5. Audit: Cybersecurity audits must be conducted annually by qualified and independent auditors with relevant credentials or experience. The audit must assess the adequacy of the RE’s cybersecurity controls and their alignment with the RE’s risk profile. The audit report must be submitted to IFSCA within 90 days from the end of the financial year. If an RE is already submitting such a report to a Market Infrastructure Institution or Bullion Exchange, the same may be submitted to IFSCA within 7 days of such filing. In the event of a cyber incident, REs are required to:

   1. Report the incident to IFSCA within 6 hours of detection.

   2. Submit an interim report within 3 days.

   3. File a detailed root cause analysis within 30 days, and

   4. Implement mitigation measures within 7 days.

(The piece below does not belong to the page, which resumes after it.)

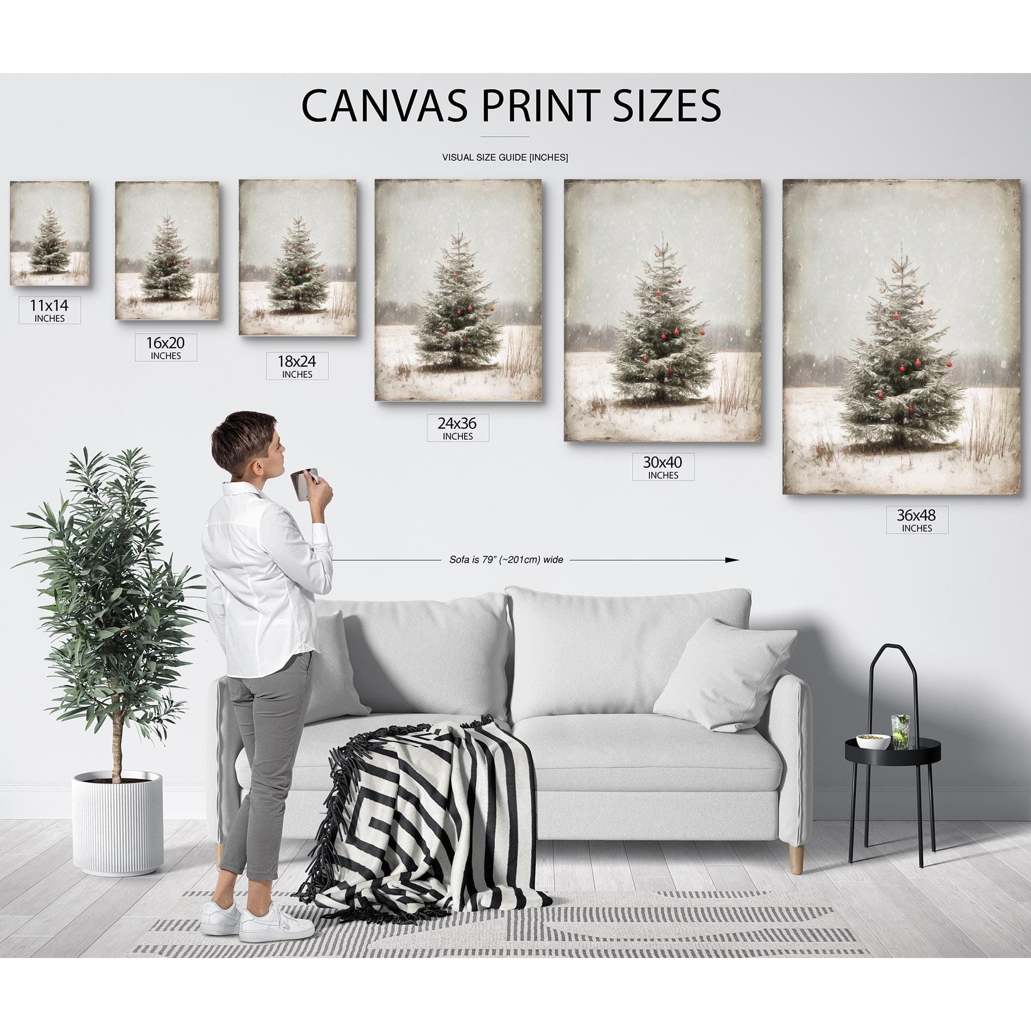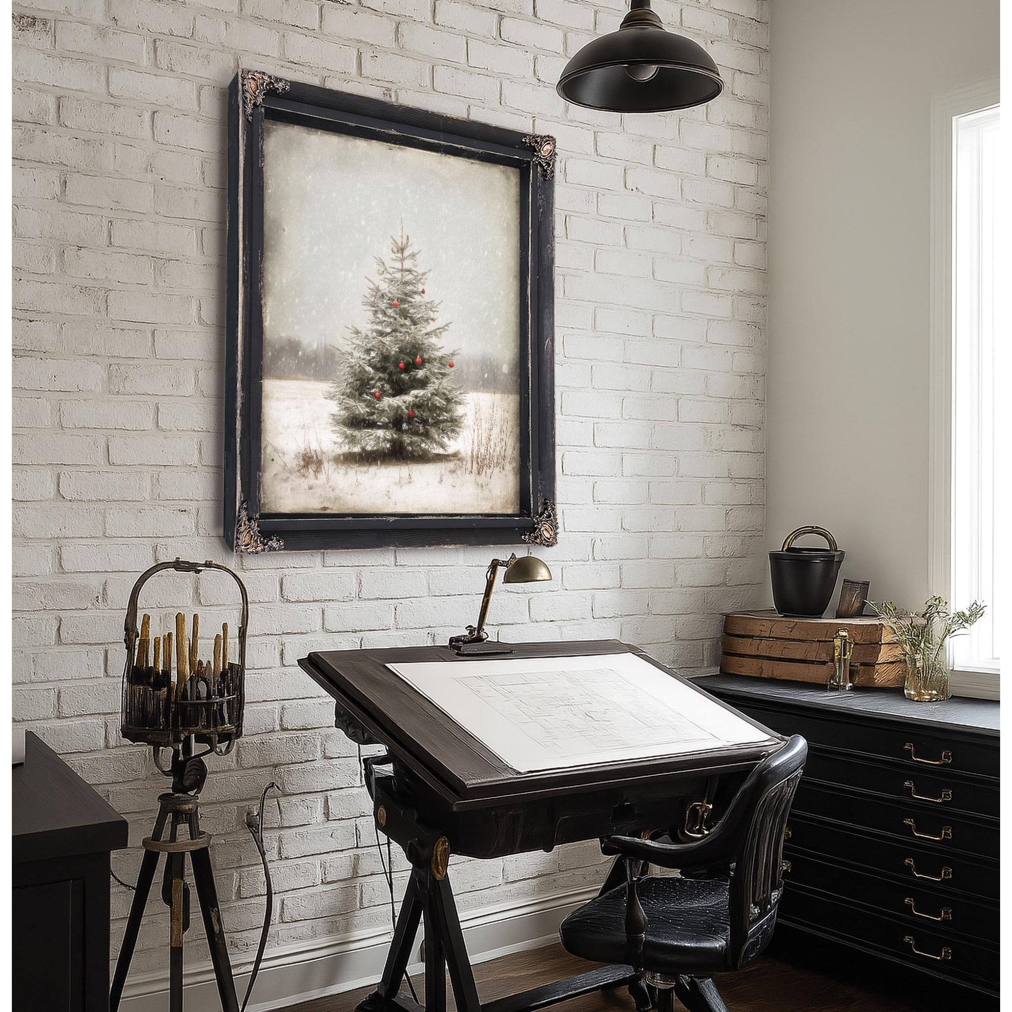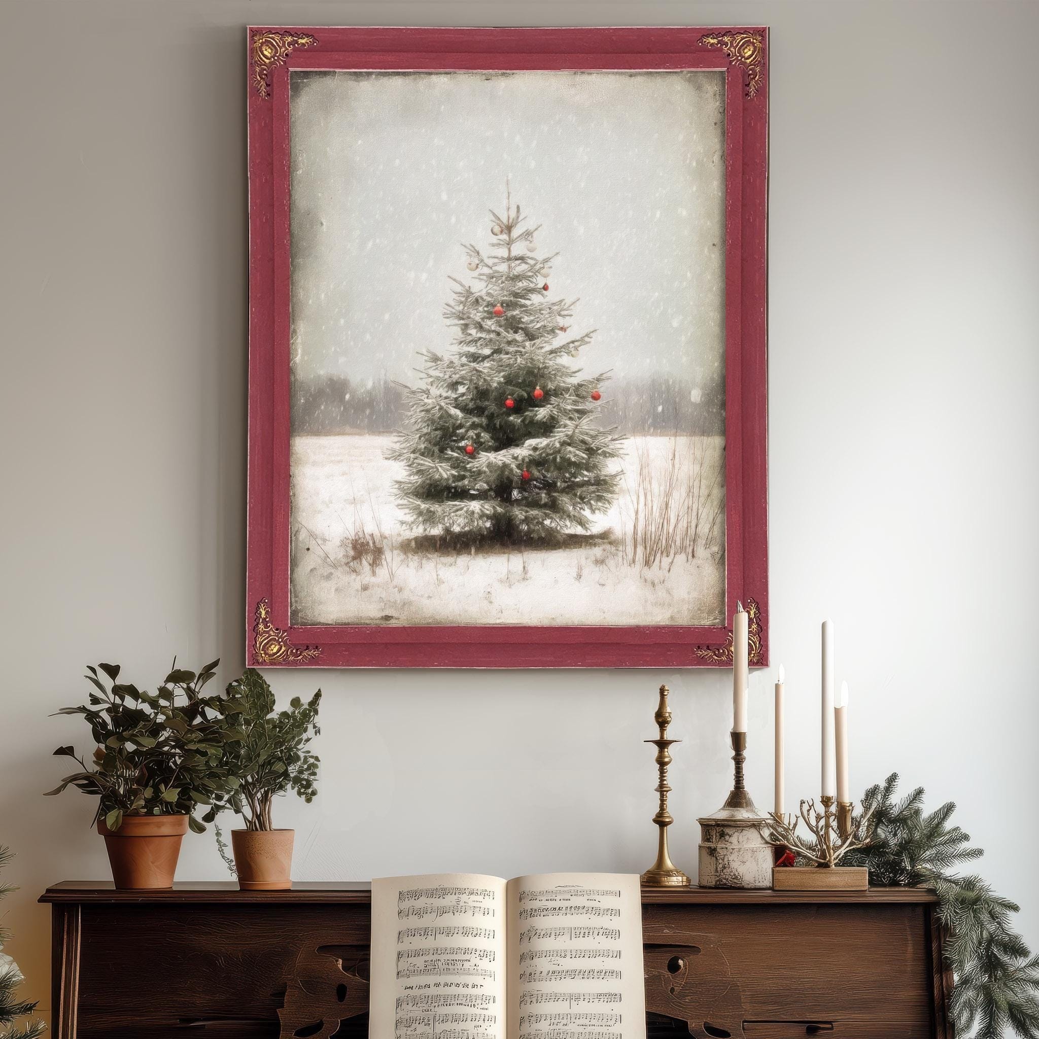• Lone Christmas Tree in Snow – Vintage Winter Wall Art with Red Ornaments – Stretched Canvas or Ornate Frame, Farmhouse Christmas Décor

6. Exemptions: Certain REs are granted a three-year exemption from these guidelines, including branches of Indian or foreign REs, group entities, entities with less than 10 employees, and foreign universities in IFSCs. However, these REs shall adopt their parent entity’s cyber security and IS policies, with the parent’s CISO acting as a designated officer for the RE. Additionally, the parent entity must be regulated by a financial authority and include the REs within its cyber framework. The designated officer must certify compliance within 90 days at the end of the financial year.

Conclusion

IFSCA’s guidelines on cyber security and resilience aim to safeguard the financial ecosystem of the IFSC by addressing the rising threats in cyberspace. These guidelines outline the necessary measures for REs to strengthen their IT systems, protect sensitive data, and ensure business continuity. Key provisions include establishing robust cyber governance, developing comprehensive cyber security frameworks, implementing stringent access controls, conducting regular vulnerability assessments, and ensuring third-party risk management. REs are required to undergo annual audits, with specific procedures for reporting cyber incidents. While certain REs, such as small entities and foreign universities, are granted exemptions, they must still comply with key aspects like adopting their parent entity’s cyber policies. Overall, the guidelines set a clear framework for enhancing the cyber resilience and security of REs, ensuring the stability and credibility of the financial services offered in the IFSC.

End Note

[i] IFSCA-CSD0MSC/13/2025-DCS, dated 10.03.2025.

Authored by Purvi Garg, Advocate at Metalegal Advocates. The views expressed are personal and do not constitute legal opinions.